Proxy Access Proponents Cry Foul Over Corporate Efforts to Omit Proposals

Bloomberg BNA’s Corporate Law & Accountability Report is available on the Corporate Law Resource Center. This news service keeps corporate practitioners informed of legal developments of...

By Yin Wilczek

Jan. 12 — The recent spate of companies seeking no-action relief for proxy access resolutions, on the basis that the company plans to submit a conflicting management proposal, has shareholder proponents up in arms, with some calling for the Securities and Exchange Commission staff to alter its interpretation for exclusion.

In a Jan. 9 letter, the Council of Institutional Investors told Keith Higgins, director of the SEC Division of Corporation Finance, that the staff's recent no-action determination for Whole Foods Market Inc. constituted an “overly broad” interpretation of the shareholder proposal rule's counterproposal basis for exclusion.

“CII believes that exclusion based on two proposals directly conflicting is appropriate in much narrower circumstances than those encompassed by the Staff’s approach,” the group's executive director Ann Yerger stated. “In CII’s view, in the context of binding management and non-binding shareholder proposals, identifying a direct conflict requires an examination of not just the subject matter, but also the specific content, of the shareholder proposal.”

CII asked the SEC to apply its suggested approach “to open requests for no-action relief and any other requests on which reconsideration is applicable.”

SEC spokesman John Nester declined to comment on the developments.

Counterproposal

Corp. Fin. Dec. 1 allowed Whole Foods to exclude from its 2015 proxy materials a resolution submitted by James McRitchie because the company said it intended to seek shareholder approval of its own proxy access proposal. The staff based its decision on 1934 Securities Exchange Act Rule 14a-8(i)(9), which allows companies to exclude proposals that directly conflict with one that they intend to submit to shareholders at the same meeting.

McRitchie's nonbinding resolution proposed giving shareholders who own at least 3 percent of the company stock for three or more years the right to list their director candidates on the company's ballot. Whole Foods' binding management resolution proposed a 5 percent/five-year eligibility threshold.

In the wake of Whole Foods' successful strategy, 15 companies to date have submitted similar no-action requests to the SEC, according to the commission's website. The companies' counterproposals seek more stringent eligibility thresholds than those sought by the shareholder proponents.

A small portion of CII members are prolific submitters of shareholder proposals. In 2014, council members filed about 32 percent of the resolutions submitted to U.S. companies.

In its letter, CII argued that the staff's Whole Foods action forces shareholders “into a dilemma” because they can vote only on the management proposal without having the chance to weigh in on the formulation of proxy access as suggested by shareholder proponents.

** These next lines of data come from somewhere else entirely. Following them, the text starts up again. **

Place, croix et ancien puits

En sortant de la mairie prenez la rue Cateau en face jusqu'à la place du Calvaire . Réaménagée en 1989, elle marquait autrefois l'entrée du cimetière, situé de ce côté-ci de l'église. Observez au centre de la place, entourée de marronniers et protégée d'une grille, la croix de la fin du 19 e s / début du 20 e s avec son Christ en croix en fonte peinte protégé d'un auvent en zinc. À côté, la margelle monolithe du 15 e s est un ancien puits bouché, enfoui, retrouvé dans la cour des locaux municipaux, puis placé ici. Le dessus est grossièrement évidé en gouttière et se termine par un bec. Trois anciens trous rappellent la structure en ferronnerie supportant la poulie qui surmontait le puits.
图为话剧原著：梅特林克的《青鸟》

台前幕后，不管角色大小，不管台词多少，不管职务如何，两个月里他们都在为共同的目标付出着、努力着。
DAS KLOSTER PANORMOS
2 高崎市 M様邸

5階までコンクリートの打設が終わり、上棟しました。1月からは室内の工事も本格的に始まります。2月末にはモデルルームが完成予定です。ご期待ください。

The staff's “approach not only curtails shareholders’ ability to suggest different terms for a reform already being proposed by management, frustrating the private ordering that has proved beneficial in the past, it also makes shareholders’ voting decision on the Management Access Proposal unnecessarily fraught,” it said. “CII views this as a huge loss for shareholders, companies and the markets.”

Request for Review

In his Dec. 23 request to the SEC to review the Whole Foods determination, McRitchie similarly faulted the staff's interpretation of Rule 14a-8(i)(9) as too broad, arguing that it effectively deprived shareholders of their voting rights.

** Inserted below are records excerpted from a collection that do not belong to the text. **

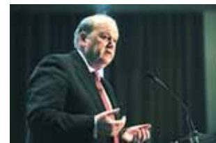
Finanzminister Michael Noonan

Bildungsminister Ruari Quinn sagte: „Diese Regierung hat von Anfang an versucht, den für das Land verheerenden Deal der vorhergehenden Regierung neu zu verhandeln. Unsere Position hat sich nicht verändert. Die Verhandlungen gehen weiter, und wir machen langsame, aber stetige Fortschritte.“
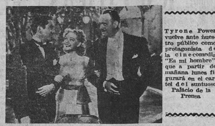
Tyrone Power vuelve ante nuestro público como protagonista de la cine-comedia "Es mi hombre", que a partir de mañana lunes figurará en el cartel del suntuoso Palacio de la Prensa.
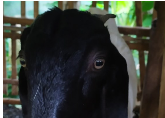
Gambar 8. Pola dominan bentuk mata bulat

bentuk mata kambing rambon betina pascasapah yang dominan dapat dilihat pada Gambar 8.

Before 2004, most of the no-action applications invoking the rule related to compensation plans, and companies had a legitimate argument that proposals governing the same aspects of a plan could lead to ambiguous results, McRitchie told Bloomberg BNA Jan. 12. However, use of the provision “dramatically shifted” in 2004 or 2005 when companies asked the SEC staff to apply it in the context of special meeting proposals submitted by shareholder proponents.

“As I argued in my appeal, the intended definition of ‘directly conflicts'” was “limited to very narrow circumstances where adoption of competing proposals could be harmful to shareowners,” McRitchie said. In addition, the rule was never intended to allow companies to substitute their own proposals in reaction to those submitted by shareowners.

The Corp. Fin. staff “should revisit not only their recent decision on Whole Foods but also those issued regarding special meetings and later written consent,” McRitchie said. He told BBNA that the SEC has not responded to his review request.

‘Cynical Tactic.'

Meanwhile, another influential shareholder proponent is adding to the calls for the SEC to rethink its Whole Foods determination.

New York City Comptroller Scott Stringer Jan. 12 told Bloomberg BNA that the companies “seeking to exclude proxy access on their corporate ballots are actually making the case as to why shareowners need a voice on their corporate boards.”

“The SEC should not enable this cynical tactic which serves to disenfranchise shareowners and fabricate the illusion of accountability,” Stringer said in an e-mail.

On behalf of the New York City Pension Funds, Stringer last fall submitted proxy access resolutions simultaneously to 75 companies for inclusion in their 2015 proxy materials.